Allowed substitution hints:   𝐶(𝑦,𝑓)   𝐹(𝑔)   𝐺(𝑦,𝑓,𝑔)

Proof of Theorem dfac8alem

Dummy variable 𝑥 is distinct from all other variables.

Step	Hyp	Ref	Expression
1		elex 3461	. . 3 ⊢ (𝐴 ∈ 𝐶 → 𝐴 ∈ V)
2		difss 4088	. . . . . . . . . . . 12 ⊢ (𝐴 ∖ (𝐹 “ 𝑥)) ⊆ 𝐴
3		elpw2g 5278	. . . . . . . . . . . 12 ⊢ (𝐴 ∈ V → ((𝐴 ∖ (𝐹 “ 𝑥)) ∈ 𝒫 𝐴 ↔ (𝐴 ∖ (𝐹 “ 𝑥)) ⊆ 𝐴))
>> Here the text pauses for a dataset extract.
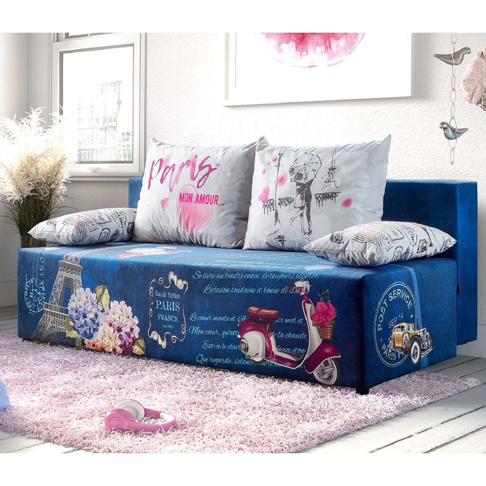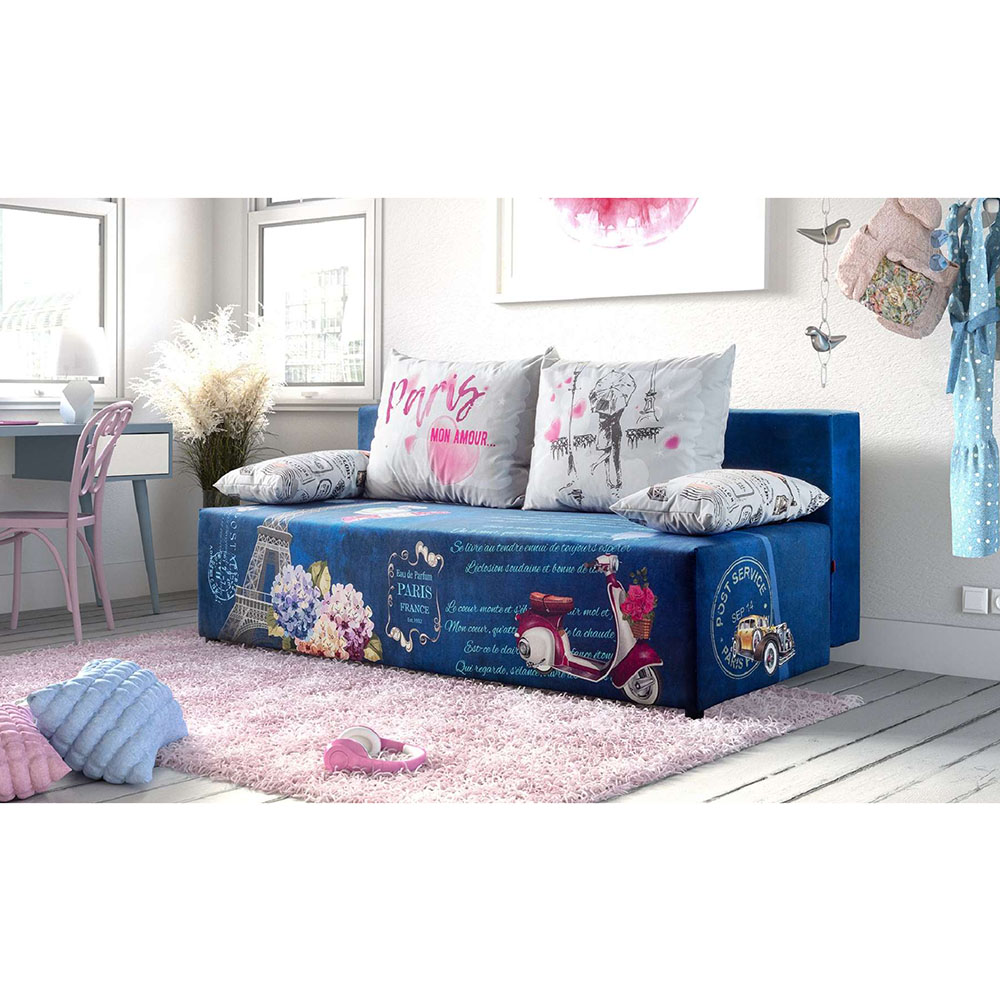 Pohovka PLAY FULL FRANCE rozzáří každý holčičí pokojíček. Tato pohovka s dívčími motivy, inspirovanými romantickou Francií, má kromě své estetické stránky i praktickou. Pohovka se snadno rozkládá a disponuje i úložným prostorem. Pohovka zajistí pohodlné přespání každého kamaráda Vaší holčičky. Sedák je vyplněn kvalitní PUR pěnou v kombinaci s bonelovými pružinami. Tato kombinace zajišťuje kvalitní odpočinek v leže i v sedě. Pokud byste si přáli pohovku vynést a umístit až na své určené místo, sdělte nám tuto informaci do poznámky k objednávce.

4	2, 3	mpbiri 258	. . . . . . . . . . 11 ⊢ (𝐴 ∈ V → (𝐴 ∖ (𝐹 “ 𝑥)) ∈ 𝒫 𝐴)
5		neeq1 2994	. . . . . . . . . . . . 13 ⊢ (𝑦 = (𝐴 ∖ (𝐹 “ 𝑥)) → (𝑦 ≠ ∅ ↔ (𝐴 ∖ (𝐹 “ 𝑥)) ≠ ∅))
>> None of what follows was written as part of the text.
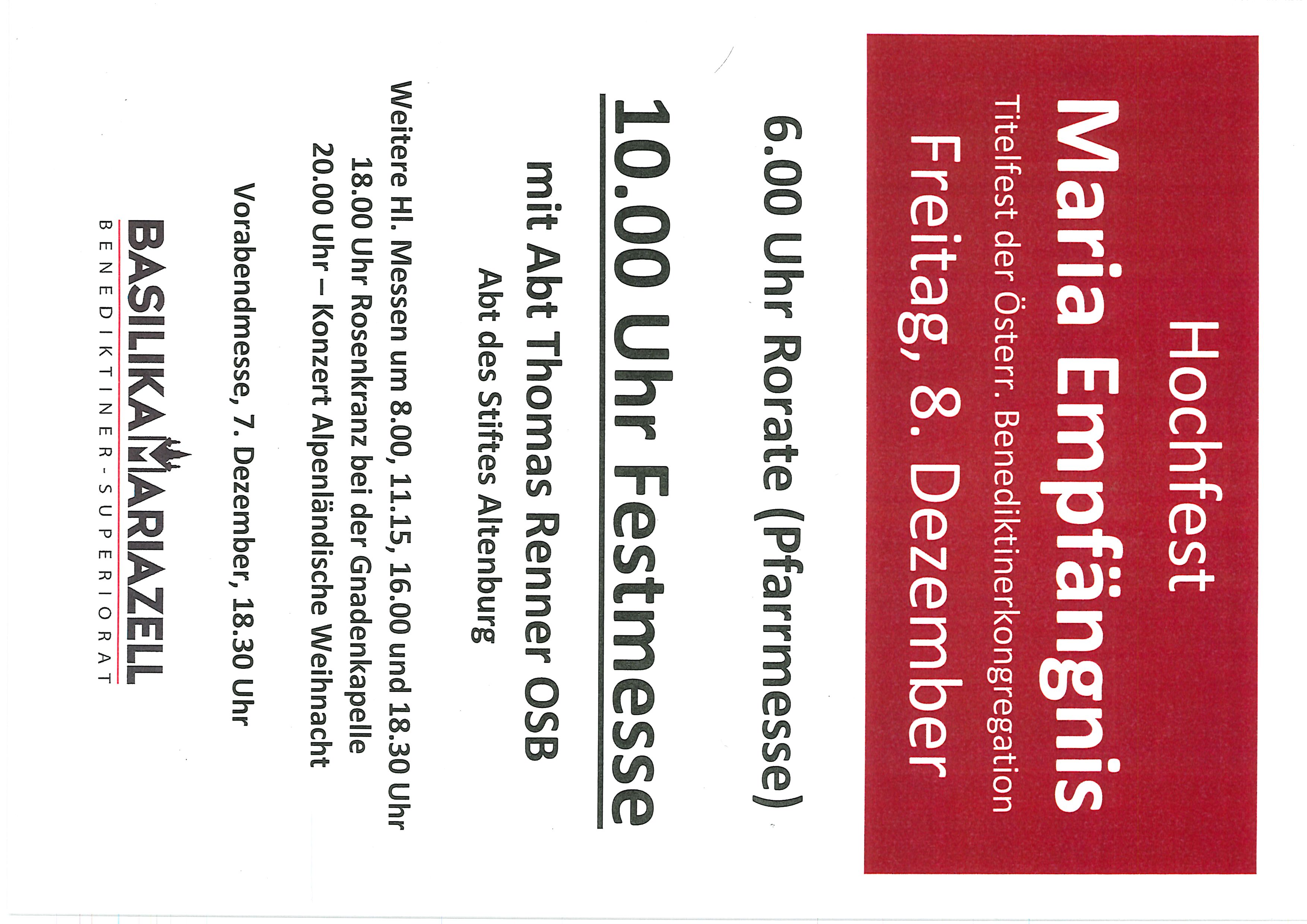 Zu den Feierlichkeiten zum Mariazeller Patrozinium am 8. September pilgern traditionell hunderte Menschen in den österreichischen Wallfahrtsort. Vor genau 15 Jahren pilgerte Papst Benedikt der XVI nach Mariazell, dessen Besuch in der heutigen Festmesse gedacht wurde. Abt Benedikt reiste zu diesem festlichen Anlass aus dem Mutterkloster Sankt Lambrecht an um gemeinsam mit Superior Pater Michael, Pater Christoph, Pater Vaclav und zahlreichen Pilgern die Fesetmesse zu zelebrieren.

6		fveq2 6834	. . . . . . . . . . . . . 14 ⊢ (𝑦 = (𝐴 ∖ (𝐹 “ 𝑥)) → (𝑔‘𝑦) = (𝑔‘(𝐴 ∖ (𝐹 “ 𝑥))))
7		id 22	. . . . . . . . . . . . . 14 ⊢ (𝑦 = (𝐴 ∖ (𝐹 “ 𝑥)) → 𝑦 = (𝐴 ∖ (𝐹 “ 𝑥)))
8	6, 7	eleq12d 2830	. . . . . . . . . . . . 13 ⊢ (𝑦 = (𝐴 ∖ (𝐹 “ 𝑥)) → ((𝑔‘𝑦) ∈ 𝑦 ↔ (𝑔‘(𝐴 ∖ (𝐹 “ 𝑥))) ∈ (𝐴 ∖ (𝐹 “ 𝑥))))
9	5, 8	imbi12d 344	. . . . . . . . . . . 12 ⊢ (𝑦 = (𝐴 ∖ (𝐹 “ 𝑥)) → ((𝑦 ≠ ∅ → (𝑔‘𝑦) ∈ 𝑦) ↔ ((𝐴 ∖ (𝐹 “ 𝑥)) ≠ ∅ → (𝑔‘(𝐴 ∖ (𝐹 “ 𝑥))) ∈ (𝐴 ∖ (𝐹 “ 𝑥)))))
10	9	rspcv 3572	. . . . . . . . . . 11 ⊢ ((𝐴 ∖ (𝐹 “ 𝑥)) ∈ 𝒫 𝐴 → (∀𝑦 ∈ 𝒫 𝐴(𝑦 ≠ ∅ → (𝑔‘𝑦) ∈ 𝑦) → ((𝐴 ∖ (𝐹 “ 𝑥)) ≠ ∅ → (𝑔‘(𝐴 ∖ (𝐹 “ 𝑥))) ∈ (𝐴 ∖ (𝐹 “ 𝑥)))))
11	4, 10	syl 17	. . . . . . . . . 10 ⊢ (𝐴 ∈ V → (∀𝑦 ∈ 𝒫 𝐴(𝑦 ≠ ∅ → (𝑔‘𝑦) ∈ 𝑦) → ((𝐴 ∖ (𝐹 “ 𝑥)) ≠ ∅ → (𝑔‘(𝐴 ∖ (𝐹 “ 𝑥))) ∈ (𝐴 ∖ (𝐹 “ 𝑥)))))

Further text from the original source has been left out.